:: What to do ::
Starting at the line that contains "먼저 모형의 모든 부품에", retype each line to the end of the listing below. Include both ends, but not the pictures.

:: Supplied data ::
+--
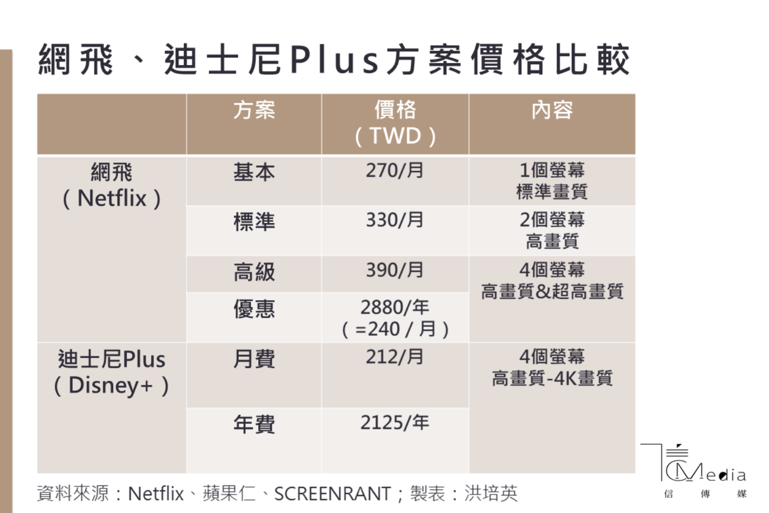 網飛目前提供3種月繳方案,最便宜的「基本方案」可在一個螢幕觀賞標準畫質(SD)影片,每月收費8.99美元;迪士尼Plus只有兩種方案,月繳6.99美元或年繳69.99美元,一個帳號可供4個螢幕使用,影片畫質從HD到4K都有。
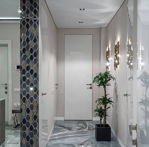 В производстве дверных полотен распространены стеклянные, пластиковые и металлические материалы. Использование зеркал и отражающих поверхностей рассеивает свет, что позволяет визуально увеличивать площадь квартиры.
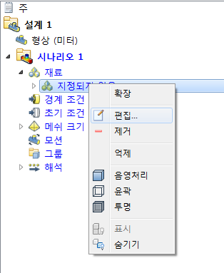 먼저 모형의 모든 부품에 재료를 지정합니다. 다음 몇 단계에서는 일부 재료 지정을 변경할 수 있습니다. 이 단계는 해석을 시작하기 전에 모든 부품에 재료가 지정되도록 하는 편리한 방법입니다.
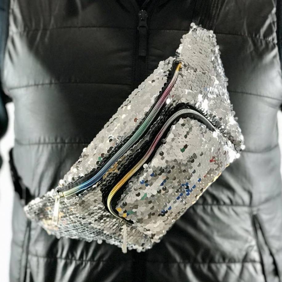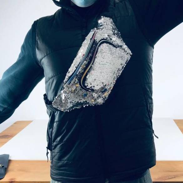 Confeccionadas en nailon, estas riñoneras son el complemento perfecto para llevar tus objetos personales de forma segura y con estilo. Cada modelo cuenta con un estampado de lentejuelas de colores únicos y un cierre de cremallera con acabado cromado. La parte trasera y la cinta de sujeción son de color negro, lo que le da un toque elegante y versátil.
+--
:: Task answer ::
 먼저 모형의 모든 부품에 재료를 지정합니다. 다음 몇 단계에서는 일부 재료 지정을 변경할 수 있습니다. 이 단계는 해석을 시작하기 전에 모든 부품에 재료가 지정되도록 하는 편리한 방법입니다.
 Confeccionadas en nailon, estas riñoneras son el complemento perfecto para llevar tus objetos personales de forma segura y con estilo. Cada modelo cuenta con un estampado de lentejuelas de colores únicos y un cierre de cremallera con acabado cromado. La parte trasera y la cinta de sujeción son de color negro, lo que le da un toque elegante y versátil.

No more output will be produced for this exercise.